Linternum, a town of Campania at the mouth of the river Clanis, where Scipio Africanus died and was buried. Livy, bk. 34, ch. 45.—Silius Italicus, bk. 6, li. 654; bk. 7, li. 278.—Cicero, bk. 10, Letters to Atticus, ltr. 13.—Ovid, Metamorphoses, bk. 15, li. 713.
Linus. This name is common to different persons whose history is confused, and who are often taken one for the other. One was son of Urania and Amphimarus the son of Neptune. Another was son of Apollo by Psammathe, daughter of Crotopus king of Argos. Martial mentions him in his ltr. 78, bk. 9. The third, son of Ismenius, and born at Thebes in Bœotia, taught music to Hercules, who in a fit of anger struck him on the head with his lyre and killed him. He was son of Mercury and Urania, according to Diogenes, who mentions some of his philosophical compositions, in which he asserted that the world had been created in an instant. He was killed by Apollo for presuming to compare himself to him. Apollodorus, however, and Pausanius mention that his ridicule of Hercules on his awkwardness in holding the lyre was fatal to him. Apollodorus, bk. 2, ch. 4.—Diogenes Laërtius, bk. 1.—Virgil, Eclogues, poem 4.—Pausanias, bk. 2, ch. 15; bk. 9, ch. 20.——A fountain in Arcadia, whose waters were said to prevent abortion. Pliny, bk. 31, ch. 2.
Liodes, one of Penelope’s suitors, killed by Ulysses. Homer, Odyssey, 22, &c.
Lipăra, the largest of the Æolian islands, on the coast of Sicily, now called the Lipari. It had a city of the same name, which, according to Diodorus, it received from Liparus the son of Auson, king of these islands, whose daughter Cyane was married by his successor Æolus, according to Pliny. The inhabitants of this island were powerful by sea, and from the great tributes which they paid to Dionysius the tyrant of Syracuse, they may be called very opulent. The island was celebrated for the variety of its fruits, and its raisins are still in general repute. It had some convenient harbours, and a fountain whose waters were much frequented on account of their medicinal powers. According to Diodorus, Æolus reigned at Lipara before Liparus. Livy, bk. 5, ch. 28.—Pliny, bk. 3, ch. 9.—Silius Italicus, bk. 14, li. 57.—Virgil, Æneid, bk. 1, li. 56; bk. 8, li. 417.—Mela, bk. 2, ch. 7.—Strabo, bk. 6.——A town of Etruria.
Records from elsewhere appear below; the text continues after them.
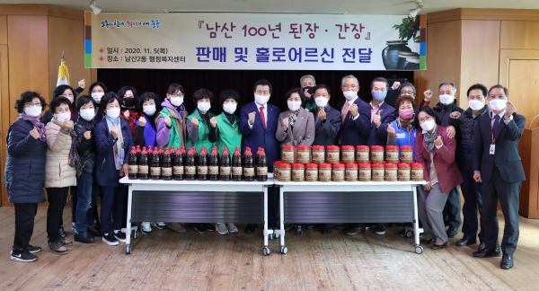 대구시 중구 남산2동(동장 김원태) 협의단체 회원들은 지난 5일 남산2동행정복지센터에서 관내 저소득 홀로어르신을 위한 ‘남산100년 된장·간장 판매 및 무료전달식’ 행사를 가졌다.
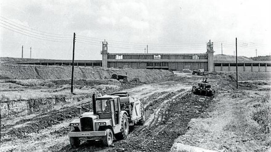 tudela. Esta foto, tomada en 1969, muestra otra de las caras que supuso para Tudela la construcción del nuevo campo de fútbol lejos del antiguo Griseras. Su emplazamiento, lejos de la ciudad, supuso también la urbanización de una nueva calle, la avenida de Argentina, y de toda una zona cercana al cementerio. Al fondo se ve el estadio en el que se están levantando las torres que dan personañlidad al campo. foto: josé miguel buñuel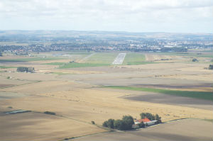 Joining crosswind for a left hand circuit took us right across a small hill and woods with the huge concrete dome of La Coupole the WW2 V2 Rocket site nestling inside. This German facility was frequently bombed by the Allies to prevent it becoming operational and is now a museum and certainly looks worth a visit in the future. The link below gives information about the site.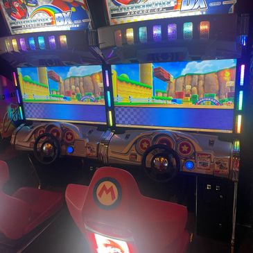 The third title, Mario Kart Arcade GP DX, drew inspiration from Mario Kart 7 in including hang gliders and underwater driving segments, and a co-op mode similar to Mario Kart Double Dash where two characters ride on a single vehicle, and the two players share control. The game also added a new set of courses themed around Namco Bandai's Taiko no Tatsujin series, and added its mascot, "Don-Chan", as a playable character.

Lipăris, a river of Cilicia, whose waters were like oil. Pliny, bk. 5, ch. 27.—Vitruvius, bk. 8, ch. 3.
Liphlum, a town of the Æqui, taken by the Romans.
Lipodorus, one of the Greeks settled in Asia by Alexander, &c.
Liquentia, now Livenza, a river of Cisalpine Gaul, falling into the Adriatic sea. Pliny, bk. 3, ch. 18.
Lircæus, a fountain near Nemæa. Statius, Thebiad, bk. 4, li. 711.
Liriŏpe, one of the Oceanides, mother of Narcissus by the Cephisus. Ovid, Metamorphoses, bk. 3, li. 311.——A fountain of Bœotia on the borders of Thespis, where Narcissus was drowned, according to some accounts.